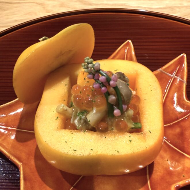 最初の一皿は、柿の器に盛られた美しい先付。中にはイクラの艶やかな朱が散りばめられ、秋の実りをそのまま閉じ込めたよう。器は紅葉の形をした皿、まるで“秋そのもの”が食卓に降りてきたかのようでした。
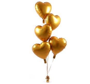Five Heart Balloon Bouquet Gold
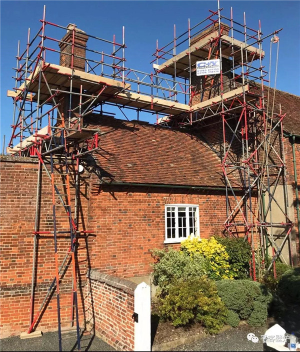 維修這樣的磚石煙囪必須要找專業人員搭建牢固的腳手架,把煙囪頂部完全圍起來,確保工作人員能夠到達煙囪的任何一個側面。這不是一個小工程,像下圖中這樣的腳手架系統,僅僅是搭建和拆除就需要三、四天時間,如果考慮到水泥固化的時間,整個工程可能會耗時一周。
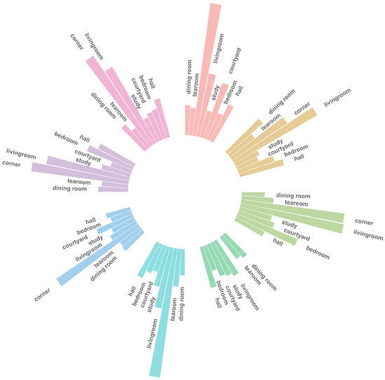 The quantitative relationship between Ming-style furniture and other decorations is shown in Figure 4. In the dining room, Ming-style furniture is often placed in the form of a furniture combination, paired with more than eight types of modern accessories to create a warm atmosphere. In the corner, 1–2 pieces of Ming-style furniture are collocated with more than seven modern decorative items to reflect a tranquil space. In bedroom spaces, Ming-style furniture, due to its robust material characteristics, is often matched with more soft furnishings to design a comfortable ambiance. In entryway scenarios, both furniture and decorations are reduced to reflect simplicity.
_ _ _ _ _
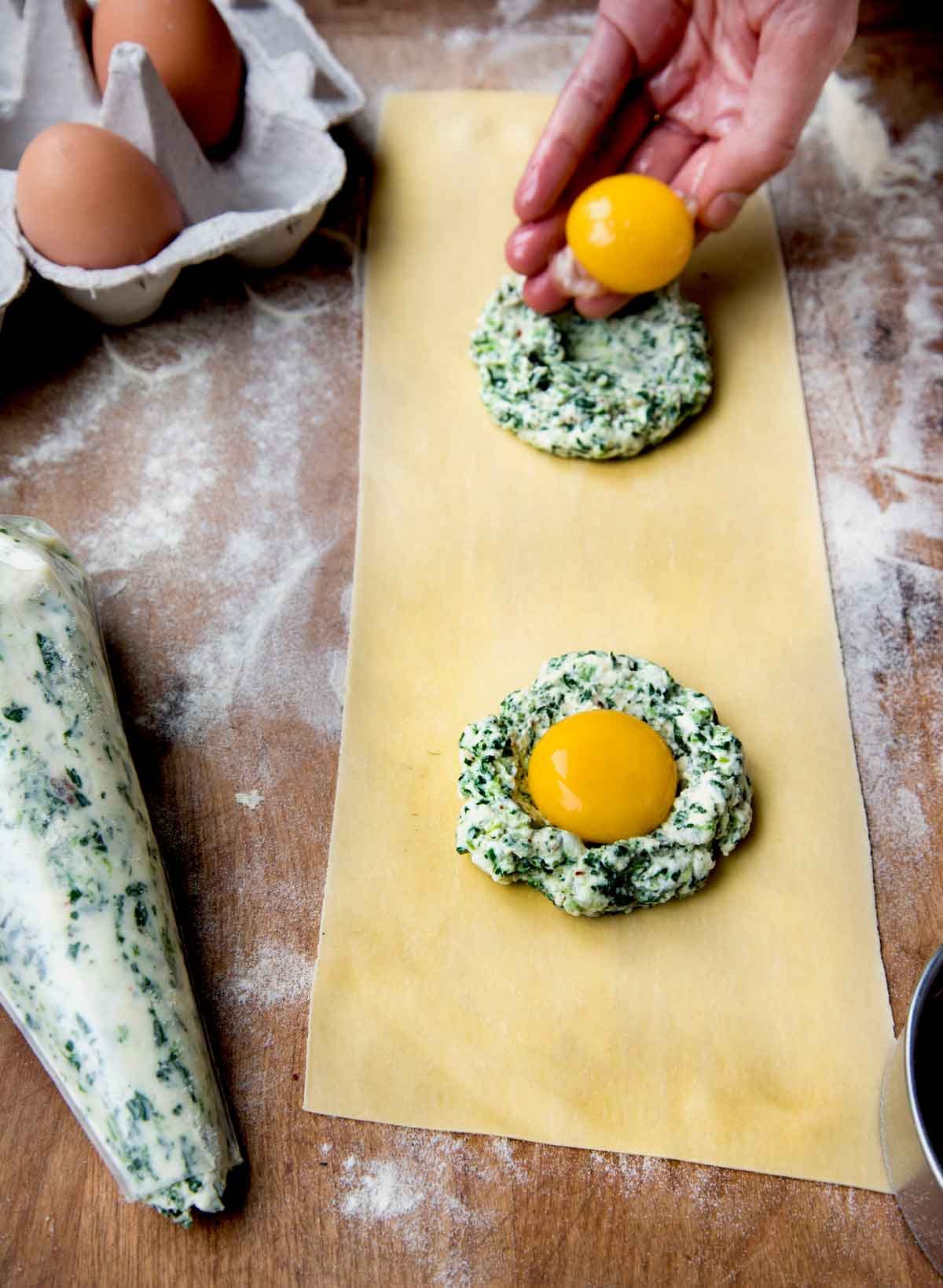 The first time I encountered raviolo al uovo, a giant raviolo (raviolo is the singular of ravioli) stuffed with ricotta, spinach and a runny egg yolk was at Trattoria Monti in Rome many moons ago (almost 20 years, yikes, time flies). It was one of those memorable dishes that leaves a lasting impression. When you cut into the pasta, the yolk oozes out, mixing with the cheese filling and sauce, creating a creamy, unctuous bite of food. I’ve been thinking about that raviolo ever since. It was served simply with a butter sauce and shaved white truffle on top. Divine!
_ _ _ _ _
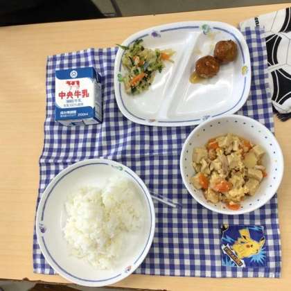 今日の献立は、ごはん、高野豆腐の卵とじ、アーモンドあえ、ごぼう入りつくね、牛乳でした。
_ _ _ _ _
§ **WHAT YOU NEED TO DO**
Output should consist of the lines above from the one with "最初の一皿は、柿の器に盛られ" down to the one with "The quantitative relationship", exact and without pictures.

§ **OUTPUT BELOW**
 最初の一皿は、柿の器に盛られた美しい先付。中にはイクラの艶やかな朱が散りばめられ、秋の実りをそのまま閉じ込めたよう。器は紅葉の形をした皿、まるで“秋そのもの”が食卓に降りてきたかのようでした。
Five Heart Balloon Bouquet Gold
 維修這樣的磚石煙囪必須要找專業人員搭建牢固的腳手架,把煙囪頂部完全圍起來,確保工作人員能夠到達煙囪的任何一個側面。這不是一個小工程,像下圖中這樣的腳手架系統,僅僅是搭建和拆除就需要三、四天時間,如果考慮到水泥固化的時間,整個工程可能會耗時一周。
 The quantitative relationship between Ming-style furniture and other decorations is shown in Figure 4. In the dining room, Ming-style furniture is often placed in the form of a furniture combination, paired with more than eight types of modern accessories to create a warm atmosphere. In the corner, 1–2 pieces of Ming-style furniture are collocated with more than seven modern decorative items to reflect a tranquil space. In bedroom spaces, Ming-style furniture, due to its robust material characteristics, is often matched with more soft furnishings to design a comfortable ambiance. In entryway scenarios, both furniture and decorations are reduced to reflect simplicity.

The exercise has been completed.